Winner of the Pulitzer Prize for Fiction 2023
Winner of the Women's Prize for Fiction 2023
Demon Copperhead: a boy born to a teenaged single mother in a single-wide trailer, with no assets beyond his dead father’s good looks and copper-colored hair, a caustic wit, and a fierce talent for survival. Demon befriends us on this, his journey through the modern perils of foster care, child labor, derelict schools, athletic success, addiction, disastrous loves, and crushing losses. Through all of it, he reckons with his own invisibility in a popular culture where even the superheroes have abandoned rural people in favor of cities.
Inspired by the unflinching truth-telling of David Copperfield, Kingsolver enlists Dickens’ anger and compassion, and above all, his faith in the transformative powers of a good story. Demon Copperhead gives voice to a new generation of lost boys, and all those born into beautiful, cursed places they can’t imagine leaving behind.
Barbara Kingsolver reimagines and recaptures the soul and spirit of Charles Dickens’ David Copperfield in her breathtaking new novel set in modern Southern Appalachia, USA. Damon (quickly nicknamed Demon) was never destined to live an easy life. Born to a single teenaged mother who lives in a trailer park with her abusive older boyfriend, he is only equipped with a few weapons in life: his dead father’s good looks, his devilish charm and a knack for survival. As the reader, you are constantly in awe as you watch Demon brave the dangers of foster care, child labour, drug addiction during an opioid epidemic, poverty and starvation.
Because of his rough childhood, Demon has had to grow up quicker to survive. His view of the world is more jaded than the other children around him, and his brain is sharpened with lightning-speed cunning and wit. But it is admirable seeing how his heart has not hardened, softening for the friends he makes, the sweethearts he falls for, and the strangers he meets along the way who unexpectedly help banish the demons in his life.

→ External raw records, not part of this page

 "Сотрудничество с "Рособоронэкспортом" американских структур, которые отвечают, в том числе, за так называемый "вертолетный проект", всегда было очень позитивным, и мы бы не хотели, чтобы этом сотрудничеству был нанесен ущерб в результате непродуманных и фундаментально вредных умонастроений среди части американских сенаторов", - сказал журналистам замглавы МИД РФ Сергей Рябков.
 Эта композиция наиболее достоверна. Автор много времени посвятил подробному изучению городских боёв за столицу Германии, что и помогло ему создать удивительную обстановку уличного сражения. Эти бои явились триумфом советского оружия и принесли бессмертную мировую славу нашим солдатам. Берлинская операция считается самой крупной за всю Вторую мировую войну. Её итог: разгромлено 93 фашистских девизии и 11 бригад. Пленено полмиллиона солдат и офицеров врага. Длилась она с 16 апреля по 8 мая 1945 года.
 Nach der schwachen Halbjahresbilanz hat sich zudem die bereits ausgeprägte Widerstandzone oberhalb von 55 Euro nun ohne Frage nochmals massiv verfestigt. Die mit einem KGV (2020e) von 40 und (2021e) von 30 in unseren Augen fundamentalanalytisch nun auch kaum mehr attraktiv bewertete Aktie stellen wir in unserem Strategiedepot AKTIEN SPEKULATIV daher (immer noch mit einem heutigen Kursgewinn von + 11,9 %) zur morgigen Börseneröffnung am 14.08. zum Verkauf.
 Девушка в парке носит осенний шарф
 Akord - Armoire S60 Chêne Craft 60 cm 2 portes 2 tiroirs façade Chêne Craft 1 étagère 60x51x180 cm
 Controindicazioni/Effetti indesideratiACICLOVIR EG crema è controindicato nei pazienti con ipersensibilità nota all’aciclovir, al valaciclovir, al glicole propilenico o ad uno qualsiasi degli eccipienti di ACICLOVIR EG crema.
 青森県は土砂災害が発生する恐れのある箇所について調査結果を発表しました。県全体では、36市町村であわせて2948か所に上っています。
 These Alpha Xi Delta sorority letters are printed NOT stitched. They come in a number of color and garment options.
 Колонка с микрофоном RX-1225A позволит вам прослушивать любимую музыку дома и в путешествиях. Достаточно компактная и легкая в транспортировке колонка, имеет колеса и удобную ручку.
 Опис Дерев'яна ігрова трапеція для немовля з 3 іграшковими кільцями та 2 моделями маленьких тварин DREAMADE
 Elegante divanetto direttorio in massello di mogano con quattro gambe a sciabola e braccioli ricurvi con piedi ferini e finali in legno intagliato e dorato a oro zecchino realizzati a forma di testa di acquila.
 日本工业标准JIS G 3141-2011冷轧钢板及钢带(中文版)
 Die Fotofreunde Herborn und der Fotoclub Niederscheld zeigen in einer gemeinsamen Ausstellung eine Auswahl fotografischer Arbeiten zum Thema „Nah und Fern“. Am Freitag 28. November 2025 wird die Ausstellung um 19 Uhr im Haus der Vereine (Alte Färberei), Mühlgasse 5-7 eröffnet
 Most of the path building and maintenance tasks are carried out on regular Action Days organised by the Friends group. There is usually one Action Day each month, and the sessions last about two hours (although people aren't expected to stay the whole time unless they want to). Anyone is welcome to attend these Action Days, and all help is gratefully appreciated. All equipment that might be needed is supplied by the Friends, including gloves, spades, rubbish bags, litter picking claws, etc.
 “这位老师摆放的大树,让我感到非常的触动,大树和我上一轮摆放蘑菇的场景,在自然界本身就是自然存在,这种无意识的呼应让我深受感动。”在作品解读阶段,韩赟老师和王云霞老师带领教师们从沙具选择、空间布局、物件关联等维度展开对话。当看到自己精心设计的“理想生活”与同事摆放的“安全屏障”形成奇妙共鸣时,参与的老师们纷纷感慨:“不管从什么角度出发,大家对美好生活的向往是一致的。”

Demon’s story is plagued with tragedies, some scenes so unbearably sad and harrowing one cannot imagine how someone as young as he could keep going. But he talks through his experiences to the reader in a conversational manner, bringing a mischievous magnetism and wily sense of humour that warms your heart and imprints the character in your brain long after putting down the book. He is a hero worth rooting for.
Dickens called David Copperfield his ‘favourite child’, and I personally believe that he would have been proud to see Kingsolver’s unforgettable epic, and perhaps would have even called it his ‘favourite grandchild’. It is a wondrous coming-of-age story worthy of comparison to its inspiration.